In the gray of early afternoon, the canoes drew up to the shoreline of the island. The paddles were stowed. The woman in the bow of the first canoe and the kid in the bow of the second stepped onto the rocks. They held the canoes steady while the men in the stern of each disembarked and joined them. The kid grabbed a rifle from the center of the canoe he’d come in, then lifted a pack. He studied the island and the great stand of red pines that grew there.
“Where to?” he said.
“First, we hide the canoes,” the man who was the oldest and tallest said.
They carried the crafts from the lake a dozen yards into the trees. The tall man in the lead and the woman with him set their canoe behind a fallen pine, and the kid and the other man did the same.
“Want to cover them with boughs or something?” the kid asked.
“Break off boughs and someone will know we were here,” the tall man said. “This’ll do.”
They returned to the shore where they’d left their gear. The kid grabbed his rifle and reached for a pack.
The woman said, “I’ll carry that. You see to your rifle.”
She shouldered the pack, and the tall man started toward the interior of the island. The others followed, wordless and in single file.

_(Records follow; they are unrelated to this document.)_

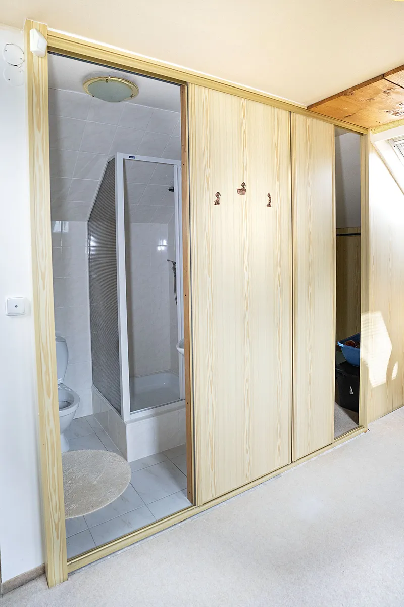 II.NP: zádveří, chodba, místnost se sprchou a WC, 3 místnosti, další místnost se sprchou a WC.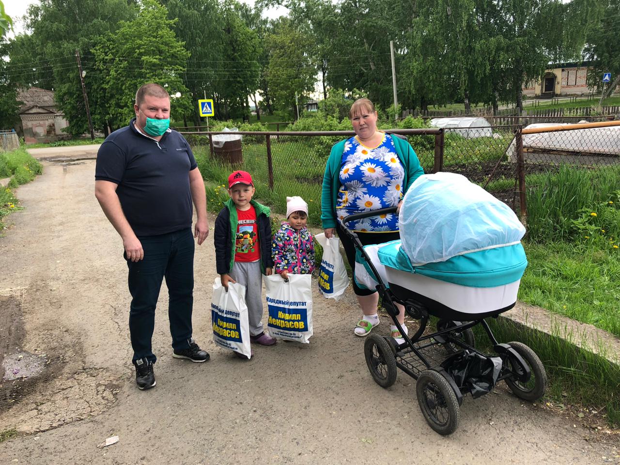 Каждой семье депутат привёз продуктовые наборы, а для детей подготовил отдельные пакеты со сладостями.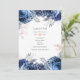 Navy and Pink with Silver Foil Floral Wedding Invitation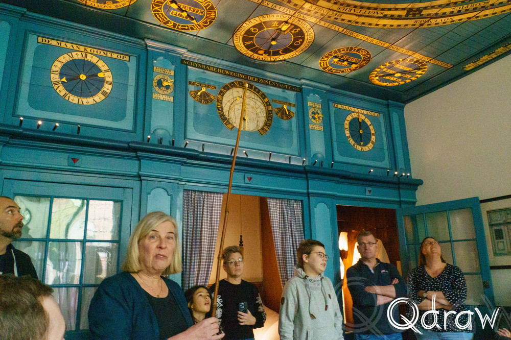 Bij binnenkomst in het museum word je meteen ondergedompeld in de wereld van Eisinga. Het planetarium zelf is het absolute hoogtepunt: in de historische woonkamer bewegen de planeten langzaam over het plafond, precies volgens hun werkelijke banen. Het is een bijzondere ervaring om te beseffen dat dit eeuwenoude mechanisme nog steeds werkt zoals Eisinga het ontworpen heeft.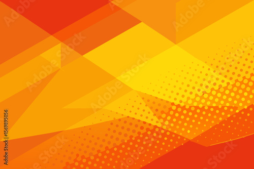 Modern geometric background with orange and yellow triangles and halftone dots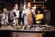Mehr seelisch, verstehn's?Wie gut, daß es den Monaco Franze gibt! Denn als sein "Spatzl" wegen einer nicht ganz echten Heiligenfigur Ärger bekommt, ist es ihr Gatte, der das Problem löst... Von links: der Kriminaldirektor (Franz Geiger), Manni Kopfeck (Karl Obermayr), Gustl (Gerhard Zemann), Trudl (Gaby Herbst) und Franz Münchinger (Helmut Fischer).Bild: © BR/balance-film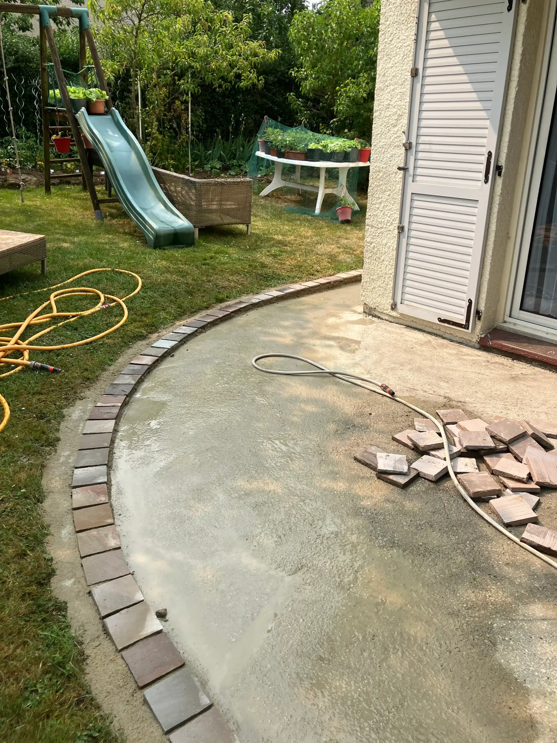 Projet d’aménagement extérieur de 40m² aux Essarts-le-Roi. Création d’une terrasse en pavés nuancés posés sur lit de sable avec bordures courbes scellées. Une technique traditionnelle garantissant drainage et stabilité.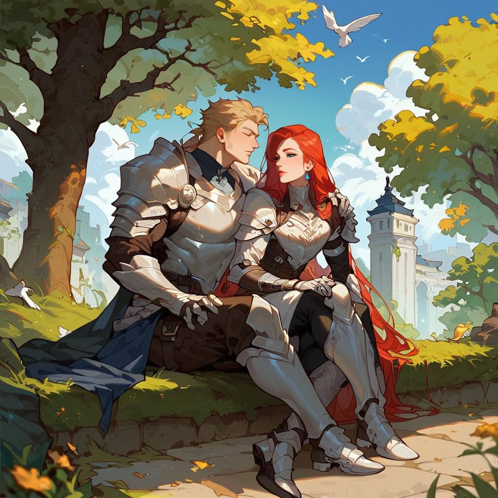 Man, siegmeyer_of_catarina, wearing armor, park, bird sitting on shoulder, zPDXL, score_9, score_8_up, score_7_up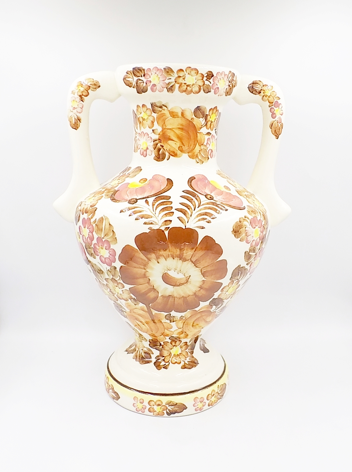 Fajansowy wazon z Włocławka z lat 70/80-tych. Sygnowany. Ręcznie malowany. Wzór 1148 zatwierdzony w 1971 r. Wymiary;wys.41 x szer.31 cm.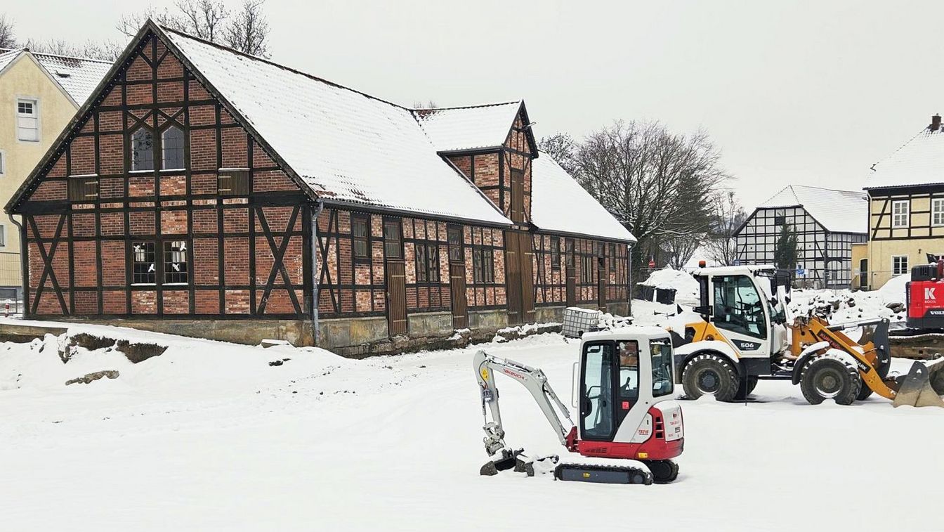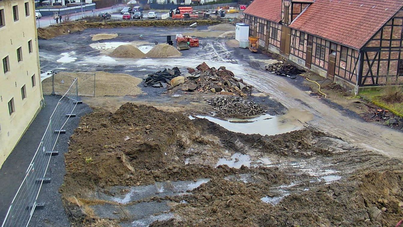 Springe. Mit den milderen Temperaturen schreiten die Arbeiten für das neue Rathaus auf dem Burghof weiter voran. In den vergangenen Wochen wurde im Zuge der Tiefbauarbeiten der unterirdische Tank für die schlesische Militsch-Eiche verlegt. Dabei trat jedoch ein unerwartetes Hindernis auf: Ein großer Ast des benachbarten Baums blockierte den Arbeitsbereich.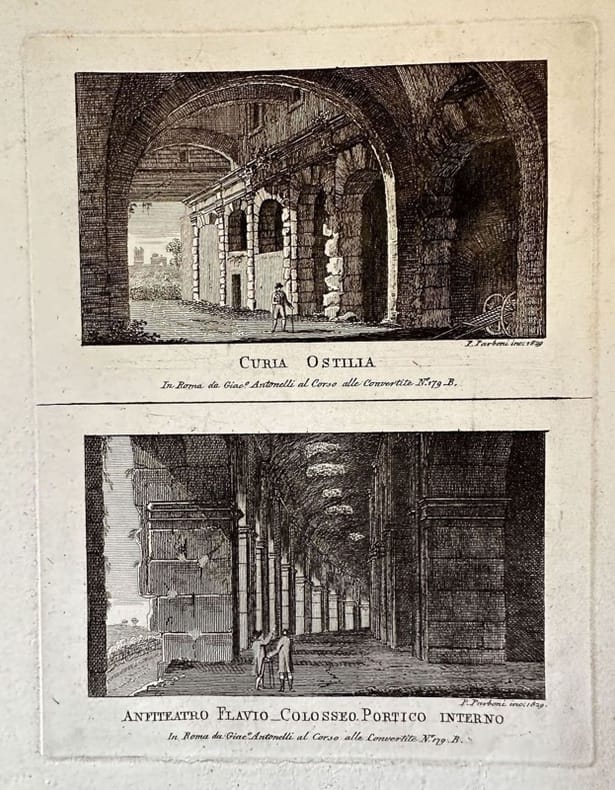 Finissima tavola del 1829, due vedute di Roma incise da Achille Parboni (Roma sec. XVIII-XIX) attivo a Roma, insieme al fratello Pietro, nella prima metà del XIX secolo. La veduta animata mostra la Curia Ostilia e l'Anfiteatro Flavio Colosseo portico interno. AUTORE: Achille Parboni ATLANTE: Nuova raccolta delle Principali vedute Antiche e moderne dell'alma città di Roma e sue vicinanze EPOCA: 1829 TECNICA: Incisione a bulino DIMENSIONI FOGLIO: cm 25,5x19 DIMENSIONI INCISIONE: cm 18x13,5 CONDIZIONI: Ottime. Very fine plate of 1829, two views of Rome engraved by Achille Parboni (Roma sec. XVIII-XIX) active in Rome, together with his brother Pietro, in the first half of XIX century. The animated view shows rupe Tarpea and parts of Foro di Nerva. AUTHOR: Achille Parboni ATLAS: Nuova raccolta delle Principali vedute Antiche e moderne dell'alma città di ROma e sue vicinanze TECHNIQUE: Burin engraving LEAF DIMENSION: cm 25,5x19 ENGRAVING DIMENSION: cm 18x13,5 DATE: 1829 CONDITIONS: Very good conditions<BR><BR>

On some maps, the island was called by its Ojibwe name: Miskominag. On others, it was called Raspberry. Words in different languages that meant the same thing. They walked inland through the pines, passed bushes that in summer would have been full of berries, but it was the first day of November, and all the plants except the evergreens were bare. They came to a great upthrust of rock, a kind of wall across the island, and the tall man began to climb. The others spread out and found their own ways up. The top of the outcropping stood above the crowns of the trees. From there, they could see the whole of the lake, a two-mile-long, horseshoe-shaped body of water three-quarters of a mile across at its widest point. The water of the lake was the same dismal color of both the sky above them and the rock outcropping on which they stood. The gray of despair.
“Where will he come from?” the kid asked, his eyes taking in all that water and shoreline.
“The south,” the tall man said. “Over there.” He pointed toward a spot across the lake.
The kid looked and said, “All I see is trees.”
“Try these.” The tall man unshouldered the pack he’d carried, set it down, and drew out a pair of binoculars. He handed them to the kid, who spent a minute adjusting the lenses.
“Got it. A portage,” the kid said. He returned the binoculars to the man. “What now?”
The others unburdened themselves of their packs. The shorter of the two men—he had a nose that was like a blob of clay plopped in the middle of his face—took a satellite phone from his pack and walked away from the others.
The woman said to the kid, “Hungry?”
She pulled deer jerky and an orange from her pack and offered them.
“Wouldn’t mind some hot soup,” the kid said.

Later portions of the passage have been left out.